Iran news today centers on Tehran’s formal refusal to send negotiators to Islamabad, Al Jazeera reported Monday, with Foreign Ministry spokesman Esmaeil Baghaei stating that “no clear prospect for productive negotiations is foreseen under current conditions,” even as a US delegation led by Vice President JD Vance prepared to depart for Pakistan with no Iranian counterpart confirmed to meet them.

Summary

  • Baghaei cited the US naval blockade and the Sunday seizure of the Touska as ceasefire violations that make talks impossible, calling US statements about negotiations “a media game” and a “blame game.”
  • Iran’s state news agency IRNA said Tehran’s absence from the second round stems from Washington’s “excessive demands, unrealistic expectations, constant shifts in stance, and repeated contradictions.”
  • Pakistan’s Foreign Ministry confirmed that Iranian and Pakistani foreign ministers spoke by phone Sunday about the need for continued dialogue, leaving a narrow opening for Iran to reverse its public position before Wednesday’s ceasefire expiry.

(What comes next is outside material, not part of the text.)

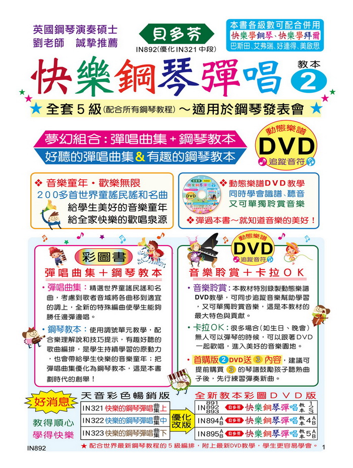 IN892 《貝多芬》快樂鋼琴彈唱-2+動態樂譜DVD
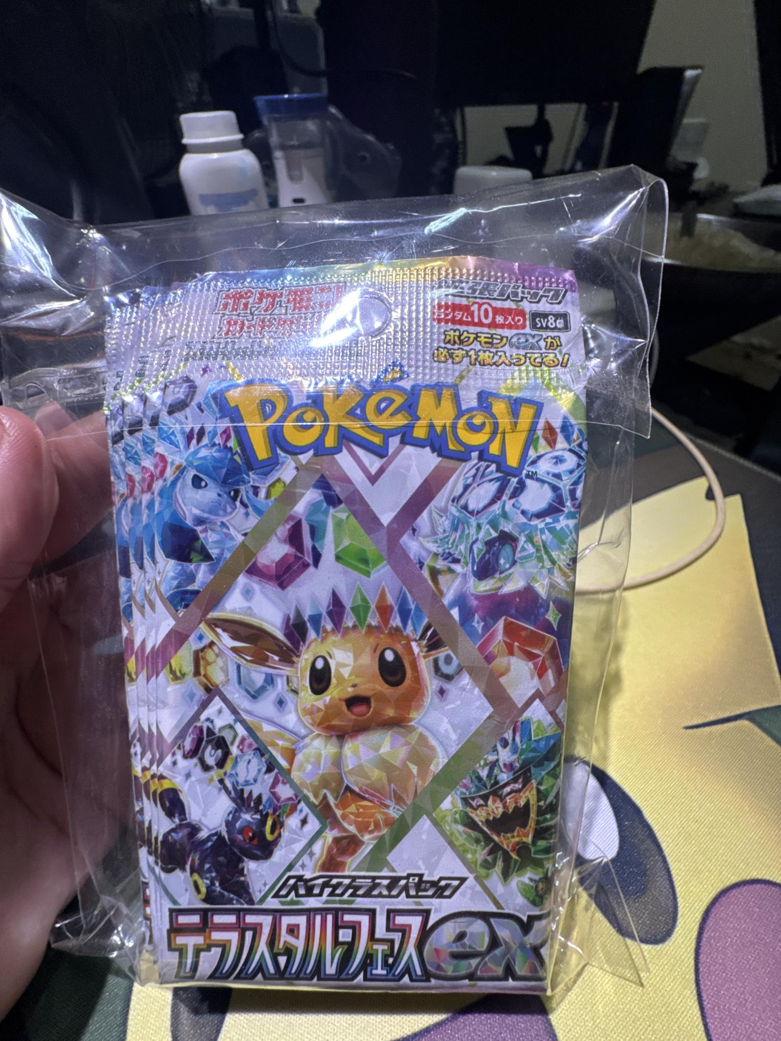 This is a booster pack from the Pokemon TCG set Terastal Festa ex (SV8d), featuring artwork of Eevee and other Pokemon in a terastal crystal style. The pack is in Japanese and sealed, suitable for collectors or players wanting to explore the set. The product includes 10 cards per pack.

Iran news today delivered the most negative diplomatic signal yet in the ceasefire’s final days. Iran’s Foreign Ministry formally declared it had no plans to attend a second round of Pakistan-mediated negotiations, arriving on the same morning that President Trump announced a US delegation was already heading to Islamabad and Pakistan had deployed thousands of security personnel around the capital’s Red Zone in preparation.

The contradiction between Washington’s public confidence and Tehran’s formal rejection has become the central dynamic of the ceasefire’s expiration window.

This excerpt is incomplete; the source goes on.